Più di trecento pensionati di Macerata saranno domani (venerdì 12 febbraio) ad Ancona in Piazza del Plebiscito per protestare contro la riforma della Sanità, così come è stata concepita a Roma, prima, ed attuata, ora, nelle Marche. Una riforma che sta erodendo una dopo l’altra tutte le sacrosante conquiste del passato, che non erano altro – per chi avesse dubbi in proposito – che l’attuazione dell’articolo 32 della Costituzione. Insieme ai pensionati di Macerata scenderanno in piazza anche quelli provenienti dalle altre province, con uno schieramento compatto e trasversale che vede, fianco a fianco, i pensionati di CGIL, CISL ed UIL.

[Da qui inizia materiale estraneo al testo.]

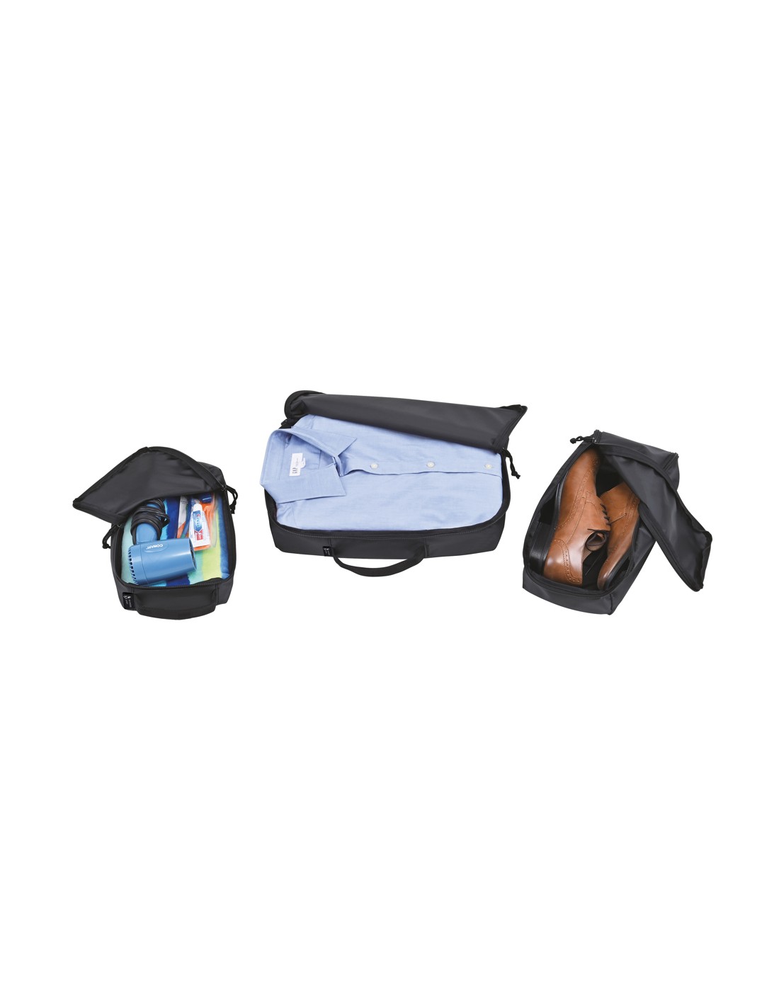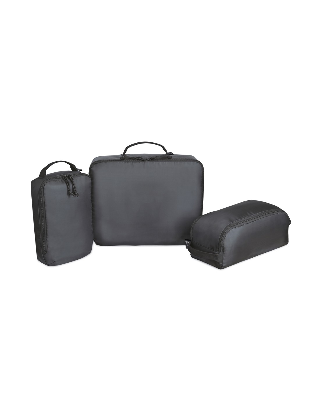 Una versione moderna e sostenibile dei cubi da viaggio, realizzati con tessuto riciclato e cinghie ricavate da bottiglie di plastica. Set di tre cubi da viaggio per organizzare al meglio i bagagli. Ogni cubo è dotato di una maniglia superiore per facilitarne il trasporto. I cubi si incastrano l'uno nell'altro per riporli facilmente quando non vengono utilizzati. Cubo grande: 15 L 12 A 3,5 P. Cubo medio: 12,375 L 5,5 A 6 P. Cubo piccolo: 6,75 L 11 A 2,5 P. Disponibile su entrambe le sponde dell'Atlantico. Questo articolo è offerto anche da Gemline per i clienti negli Stati Uniti e in Canada.
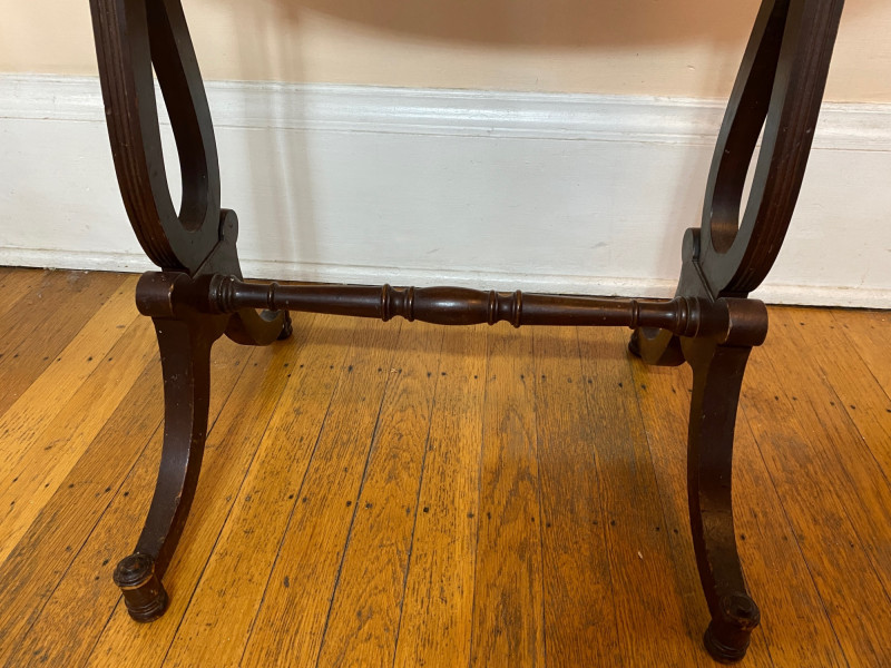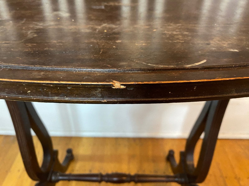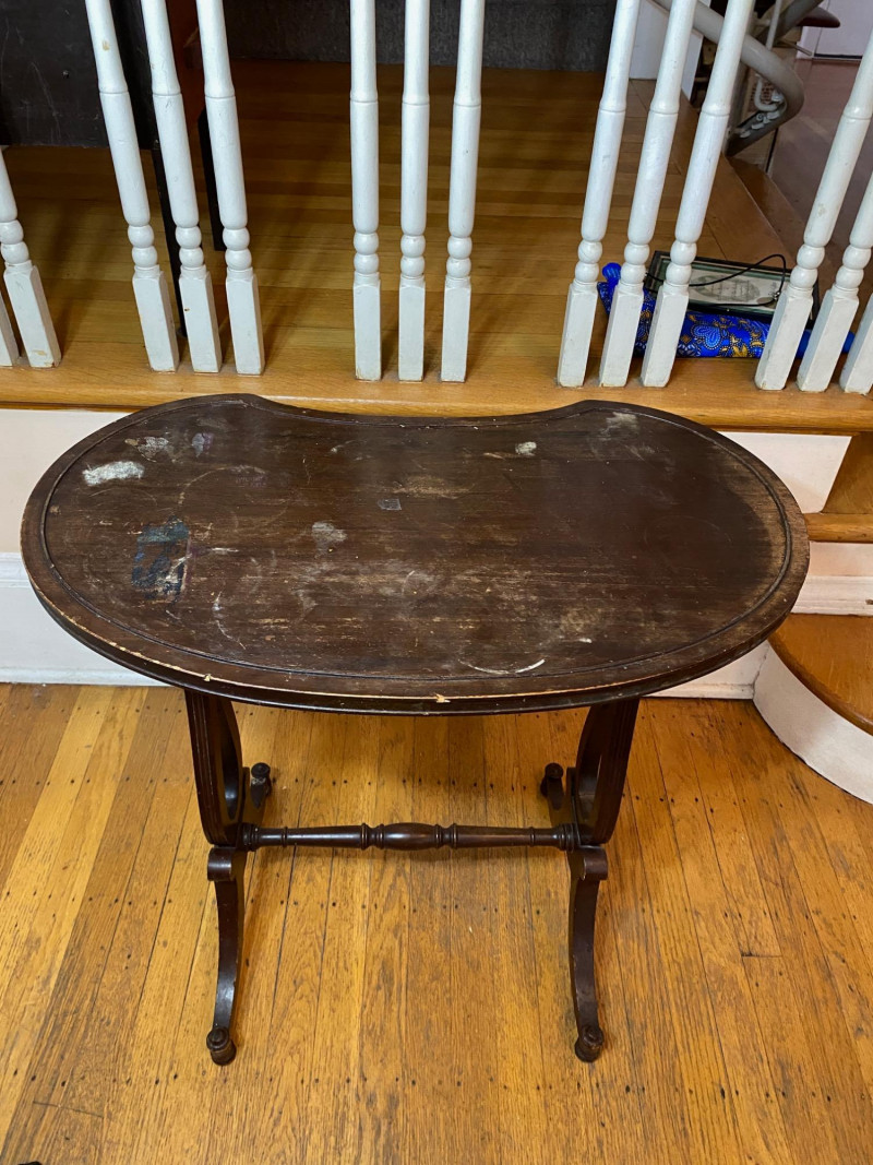 Kidney Shaped Dark Wood Accent Table - SEE PHOTOS This great little table needs a little TLC to clean up the top. Otherwise, it is in good structural condition.
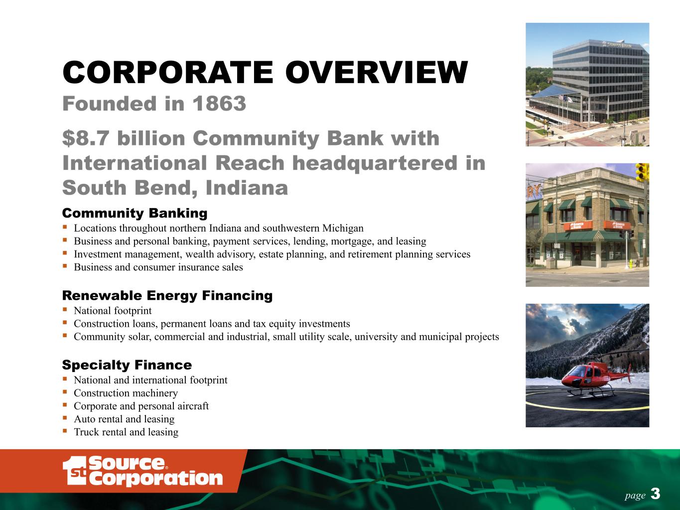 企业概览成立于1863年、价值87亿美元的Community Bank with International Reach总部位于印第安纳州南本德社区银行业务地点遍布印第安纳州北部和密歇根州西南部商业和个人银行业务、支付服务、贷款、抵押和租赁投资管理、财富咨询、遗产规划和退休规划服务业务和消费者保险销售Renewable能源融资国家足迹建设贷款、永久贷款和税收股权投资社区太阳能、商业和工业、小型公用事业规模,大学和市政项目专业金融国家和国际足迹工程机械企业和个人飞机汽车租赁和租赁卡车租赁和租赁3页
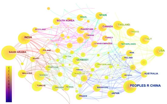 - National Collaboration NetworkCollaborative relationships among researchers from different countries were evident. A country co-occurrence analysis was conducted to construct a national collaboration network (Figure 7), thereby uncovering patterns of international collaboration.
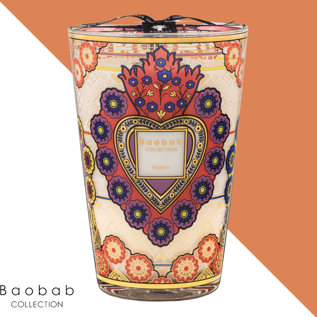 Het glas van de geur-kaars 'Mexico' is bedekt met een zeefdruk op basis van diverse kleuren en goud. Het weerspiegelt een hartvormig offerbeeld. Dit is een klein voorwerp dat spiritueel wordt gebruikt als wensobject of als dankzegging voor een gunst. De motieven komen terug over het hele glas en op de achtergrond is een subtiel broderie motief te zien dat ook terug te vinden is in de Mexicaanse ambachtskunst. Ook met de geur van
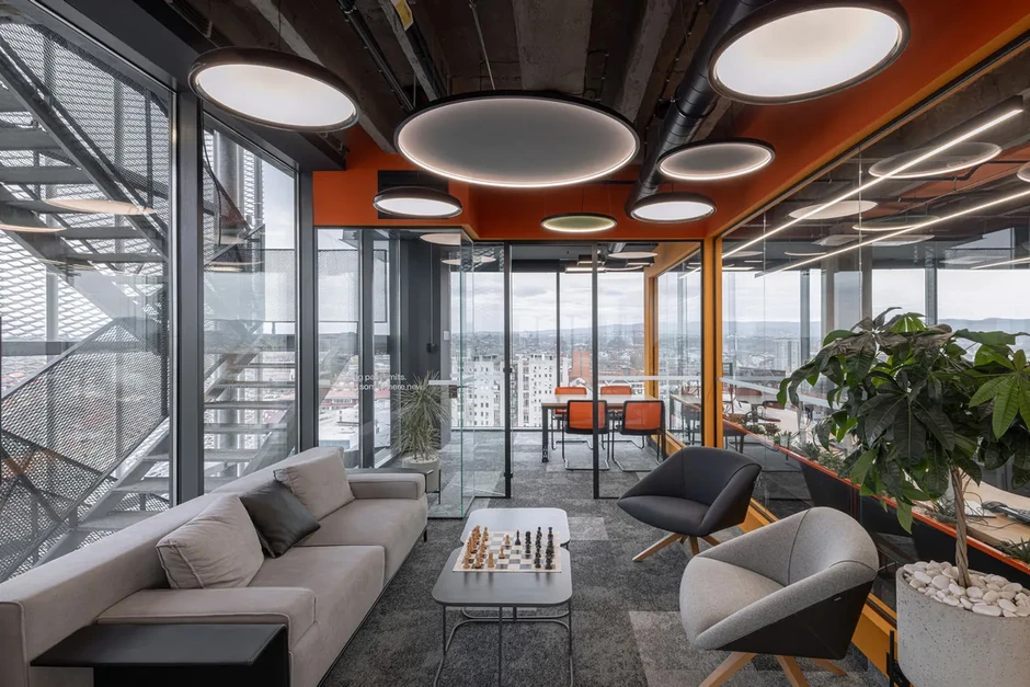 Prilikom pojektovanja unutrašnjeg prostora za potrebe IT kompanije trebalo je, pre svega, postići harmoniju između funkcionalnosti i estetike, te istovremeno formirati radni prostor koji odgovara duhu firme, prija zaposlenima i ostavlja dobar utisak na potencijalne klijente, prema arhitektonskom studiju Synthesis Quatro | Arhitektura i dizajn enterijera, Novi Sad.

Nonostante la buona volontà del Sindacato Pensionati Italiani CGIL di non andare allo scontro con i vertici regionali sulla questione sanità, nonostante gli accordi stipulati in merito e scavalcati unilateralmente da Regione ed Asur che non hanno neppure preso in esame la possibilità di un confronto con la controparte istituzionale, noi dello SPI siamo ancora disponibili per un dialogo, ma che sia finalizzato chiaramente ad un riordino efficace della sanità regionale, senza ledere i diritti di nessuno, in particolare chi si trova ai margini della società.
Lo SPI di Macerata denuncia in particolare il mancato potenziamento delle cure domiciliari, con un evidente danno per i non-autosufficienti, la mancata istituzione del Fondo Regionale di Solidarietà, il mancato convenzionamento di 400 posti-letto di Residenza Protetta per gli anziani non-autosufficienti, la mancata attivazione delle Case della Salute, anche per l’assenza di un accordo con i Medici di Famiglia.
Lo SPI denuncia altresì le decisioni unilaterali della Regione e dell’Asur, come la “scomparsa” dei posti-letto di lungodegenza e day-surgery (ciclo breve) dagli ospedali di Comunità ed il tentativo di “scippo” della contrattazione collettiva in Area Vasta, per accentrarla in Asur.
Sono queste le motivazioni alla base della manifestazione di Ancona, ove i pensionati dello SPI CGIL diranno NO ad una riorganizzazione decisa esclusivamente da Regione ed Asur; SI al dialogo sociale ed al confronto con cittadini e lavoratori, per evitare il declino dei servizi sanitari; SI ad una riforma vera del Servizio Sanitario Pubblico regionale, che metta però al centro i bisogni delle persone (e non quelli della ragioneria) e che rafforzi la medicina del TERRITORIO ed i SERVIZI SOCIO-SANITARI.